Keeping this in mind we have a look at this week's graph of the week, depicting the alleged relationship between wine consumption and student achievement. The graph was originally produced by a Cambridge graduate, and was used by the Economist:
|Source: The Economist|
The graph seems to point to an interesting positive correlation between how much does a Cambridge or Oxford college spend on wine to the percentage of students gaining a first class degree. This would make us conclude that colleges in which students drink more, their students perform better as well.

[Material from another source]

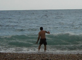 Men trots att almanackan säger höst är det fortfarande varmt nog att ta ett dopp i havet Ibland går det inte att flyga t.ex. på grund av att vinden är för kraftig i bergen. Men då är det ofta ändå varmt och skönt nere vid kusten. En av dagarna chansade vi och for till Monaco, där kan det ofta gå att flyga i sjöbrisen trots att det blåser nord och annat uppe i bergen. Men den här gången funkade inte heller det. Så vi kände oss tvugna att bada istället. Livet är hårt. |
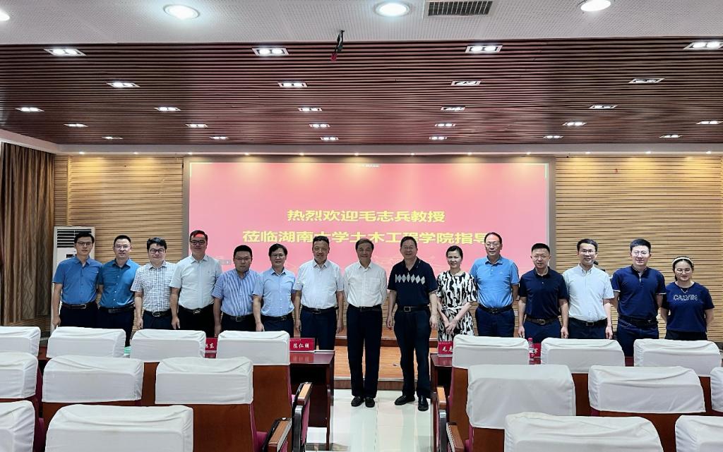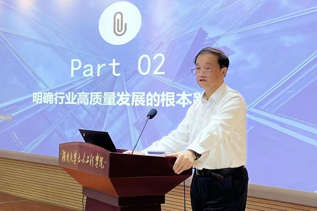 兼职教授毛志兵作了题为《三造融合四化协同推动行业高质量发展》的专题报告。中国工程院院士陈政清、校长助理陈仁朋、史才军教授、邵旭东教授、方志教授、学院党政班子成员等出席会议。会议由院长邓露主持。

That would be a false conclusion.
There could be a whole number of drivers behind this relationship. To make such a conclusion just from such a simple correlation we would inadvertently suffer from something econometricians call the omitted variable bias. An omitted variable bias implies that the causal relationship between the two variables we are observing (independent, Y and explanatory, X) could be subject to some unobserved (unincluded) variables (effects). For example, one can find that lower class size leads to better grades of its students. But perhaps performance is driven by other socio-economic characteristics. For example, schools with lower class size may be schools in wealthier neighborhoods or may have better quality teachers. And while controlling for teaching quality is hard, controlling for income in a neighborhood is rather easy.
Consider again the above correlation. First of all such a simple graph doesn't take into consideration the number of students at a particular college (i.e. size of college), nor does it evaluate the relationship if per-capita expenditure on wine instead of total expenditure is compared with performance, as many commentators have noticed under the Economist's original post. It also fails to control for wealth of a college or gender (assume that male-dominated colleges drink more than women-dominated). I would easily assume that gender plays a big role, as well as college size, of course. So a good empirical analysis of this potentially interesting issue would include all those controls and make several robustness checks in measuring the main explanatory variable as well as the main dependent variable (try total alcohol consumption for example), before it would be viable to conclude of any relationship between wine consumption and academic performance.
Being an empiricist is an exhausting job. It's not just crunching numbers.